How in hell do they do that?


----------



## BWolfe (Sep 24, 2013)

scotpens said:


> How in hell do they do that?


Multiple styrene injection points in the mold and controlled injection of the plastic.


----------



## djnick66 (May 2, 2008)

Yeah I forgot about the Bandai Gundam kits. Tamiya has done that on a couple of their motorcycle kits... like the clear windshield has a silver frame molded around it.


----------



## Richard Baker (Aug 8, 2006)

miniature sun said:


> I've got several Bandai kits that feature different coloured styrene _on the same sprue......_


The Bandai Star Trek kits also had full hull aztecing plus markings while still on the sprue. The Refit used gloss and flat white to create the paneled effect- very good for that scale without getting into checkerboards.


----------



## Faust (Dec 1, 2012)

Bandai is the king and god of multi-colour moulding.

If you want to see impressive, look at a Master Grade Gundam kit. One example is the Guntank, here:

https://adamrehorn.wordpress.com/model-kits/out-of-box-reviews/bandai-1100-master-grade-rx-75-guntank-oob/

You've got blackish-grey, red, white, blue, yellow, clear blue and lighter grey, all in one kit. Others are even more impressive, with metallic colours like gold and silver, as well as multiple different clear colours. 

I think there are a few Creator Works kits form Hasegawa that are in a few colours.
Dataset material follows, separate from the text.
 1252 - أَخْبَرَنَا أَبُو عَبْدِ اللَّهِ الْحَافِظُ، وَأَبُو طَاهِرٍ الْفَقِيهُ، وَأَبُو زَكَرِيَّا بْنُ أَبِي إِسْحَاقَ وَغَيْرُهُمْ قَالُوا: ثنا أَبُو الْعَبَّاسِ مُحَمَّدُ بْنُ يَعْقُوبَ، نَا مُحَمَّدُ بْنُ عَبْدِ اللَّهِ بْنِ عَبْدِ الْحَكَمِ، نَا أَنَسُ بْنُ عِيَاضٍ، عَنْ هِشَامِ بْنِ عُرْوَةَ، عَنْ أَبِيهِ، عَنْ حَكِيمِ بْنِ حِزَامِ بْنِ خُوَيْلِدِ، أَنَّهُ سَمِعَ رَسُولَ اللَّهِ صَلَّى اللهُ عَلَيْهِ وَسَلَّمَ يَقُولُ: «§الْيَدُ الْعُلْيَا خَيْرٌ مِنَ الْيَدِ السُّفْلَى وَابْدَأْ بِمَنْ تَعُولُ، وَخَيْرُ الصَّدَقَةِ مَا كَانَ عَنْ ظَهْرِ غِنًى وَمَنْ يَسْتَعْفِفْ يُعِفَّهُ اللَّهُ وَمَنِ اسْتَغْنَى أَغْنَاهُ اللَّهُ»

The Bentenmaru from Bodacious Space Pirates is in magenta, black and maybe another red colour, and the Space Wolf has a white skull and crossbones for the stand, at least. 
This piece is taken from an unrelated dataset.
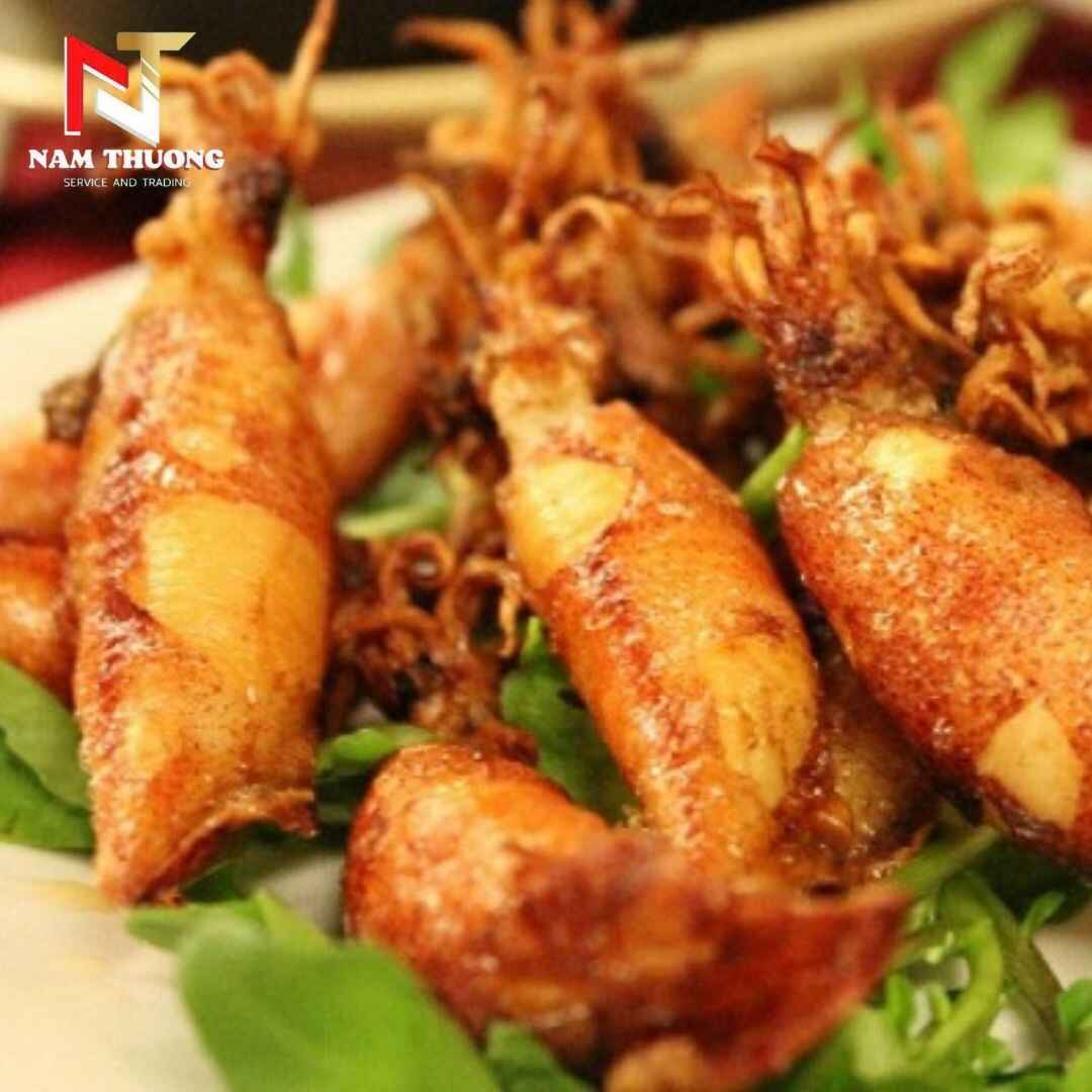 - Mực chiên xù: Lớp vỏ giòn tan, bên trong béo ngậy, trẻ nhỏ cực kỳ yêu thích.

There are also the Bandai Yamato 2199 kits; I've seen them built with no painting, and it's somewhat impressive. 

Other than the old Matchboxes, though, you just didn't see it a lot in non-Asian kits.


----------



## djnick66 (May 2, 2008)

And, as cool as the multi colored plastic is "in the box" an unpainted plastic model, no matter how many colors it comes molded in, still looks like plastic.


----------



## finaprint (Jan 29, 2006)

Most are going to simple neutral plastic color to make more money off the kits while saying the modelers prefer it that way (they may in fact).

Colored plastic cost more when the machines have to be purged clean for color changes. 

Another admission that children are no longer assembling models too, a big reason why multiple colors were used.


----------



## Faust (Dec 1, 2012)

finaprint said:


> Most are going to simple neutral plastic color to make more money off the kits while saying the modelers prefer it that way (they may in fact).
> 
> Colored plastic cost more when the machines have to be purged clean for color changes.
> 
> Another admission that children are no longer assembling models too, a big reason why multiple colors were used.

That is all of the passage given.